Paola Antolini Ethnologue de formation, consultante à
l'Unesco, et à la Commission des Communautés
Européennes. * Au-delà de la rivière, Nathan, Paris,
1992.
L'une des questions les plus complexes de cette fin de siècle, est la
cohabitation entre êtres humains: il n'y a jamais eu dans l'histoire
autant de personnes déplacées et plus nombreuses encore sont
celles qui cherchent refuge ailleurs. L'humanité explose. Une
accélération démographique nous amènera à
six milliards en l'an 2000. À cette époque, près de la
moitié de la population mondiale vivra dans les villes.
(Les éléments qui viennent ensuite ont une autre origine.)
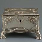 Téglatest alakú doboz, ívelt vonalú kihajló lábakkal, kissé hullámos oldalakkal, felhajtható fedéllel. Testén szívformájú üres kartuspajzsok körül indás, bimbós, virágos stilizált díszítmény, fedelén az ovális pajzsot hasonló, nagyobb léptékű mustra övezi.

Déjà les métropoles sont le lieu où les
défavorisés se réfugient le plus souvent et où il
est épouvantable de vivre. Éloignés du regard, ils
occupent souvent des îlots insalubres, appelés aujourd'hui
"quartiers sensibles", où certaines conditions d'handicaps sont
réunies. Le décor ici est fait de ségrégation
sociale et ethnique, chômage, pauvreté, absence de transports,
disfonctionnements, déliquance. La plus grande partie d'entre eux sont
près de zones industrielles et environ deux tiers sont à la
limite des communes. Ce sont pourtant ces lieux qui exercent la fascination la
plus irrésistible sur les déshérités. Ainsi,
réfugiés, immigrés, paysans et minorités rejoignent
dans les grandes villes, ceux qui ne les entendent pas. Cela autorise
d'étranges spéculations sur le destin des autres.
Le grand défi que la civilisation européenne doit se donner
à la veille de la suppression des frontières entre les
États de la Communauté, est de retrouver les valeurs de ses
principes démocratiques, propres à la Déclaration des
droits de l'Homme. L'organisation de la vie en commun, entre individus,
sociétés et États, passe à travers
l'intégration des pauvres, immigrés et exclus de toutes sortes.
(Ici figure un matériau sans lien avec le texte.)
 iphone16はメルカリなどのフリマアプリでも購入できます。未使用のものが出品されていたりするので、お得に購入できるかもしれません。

Ces victimes de l'exclusion sont également la priorité de
l'initiative "une fédération planétaire". En effet, les
Humains Associés font preuve de volonté et d'imagination dans ces
domaines et cette initiative peut devenir rapidement exemplaire.
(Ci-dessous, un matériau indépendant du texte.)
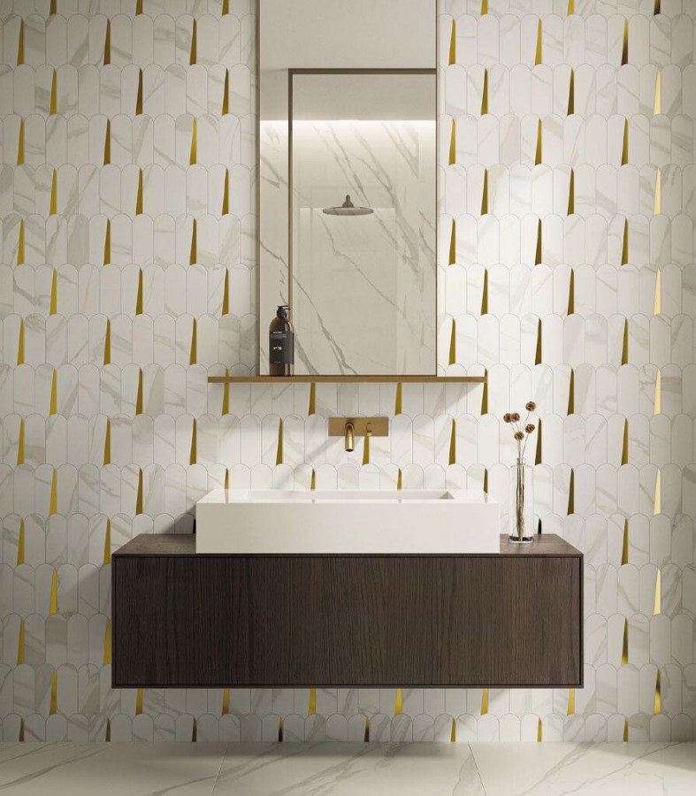 36x33 Metropolis Calacatta Mosaico Elegant 600110000948 микс белый мрамор, с золотом

Tout a été dit de l'augmentation de la pauvreté, de
l'immigration croissante, de la démographie, des réfugiés,
bref du besoin de ceux qui n'ont rien, à se rendre dans les territoires
de ceux qui ont quelque chose. Promesse ambiguë, la ville
européenne est perçue tout à la fois comme le lieu de
richesse et celui de la liberté. Le déracinement, souvent
accompagné par une progressive clochardisation, est le prix
d'accès à l'occidentalisation et à la ville. En
réalité, ceux qui n'ont rien restent fréquemment
condamnés aux marges, par de grandes infrastructures - autoroutes, voies
ferrées - qui créent une coupure urbaine, accentuée par la
distance qui les sépare des équipements du centre. La population
y est en général jeune: plus du tiers des habitants ont moins de
vingt ans (dont la moyenne urbaine avoisine généralement le
quart). Les couples qui y habitent ont plus d'enfants et l'implantation
ouvrière et celle des couches sociales défavorisées y est
très élévée.
Plus un seul habitant d'Europe qui ne se sent concerné par cette
présence des "autres". Les différences socioculturelles sont
difficilement acceptées et peuvent apparaître parfois comme des
menaces. L'économie de marché, l'immense flux migratoire de l'Est
et du tiersmonde dû à l'occidentalisation forcenée, ont
fini par désorienter les individus. L'idéologie de repli ou de
défense dans la nouvelle organisation économique
planétaire, s'accommode de celle de la productivité à
outrance en se reflétant dans l'intolérance des écrans
culturels. Néanmoins la civilisation en Europe a toujours
impliqué la co-existence de plusieurs cultures, tout en offrant le
maximum de diversité.
Il faut donc agir contre l'exclusion de toute urgence, favoriser l'intégration
et la dignité des catégories marginalisées. Développer
une politique d'intégration signifie ne plus ignorer les enjeux de son
ampleur et par conséquent, de son risque d'explosion sociale. L'initiative
"une fédération planétaire" a le souci de contrer l'idéologie
de l'exclusion. À partir d'une éducation patiente on peut assurer
la nécessaire articulation entre l'unité dans la diversité,
pour construire à l'aube du troisième millénaire, une civilisation
multiculturelle, éliminer donc toute discrimation et prévenir
les conflits en multipliant les contacts et les échanges, dans le respect
de la pluralité. Cette construction est à refaire tous les jours.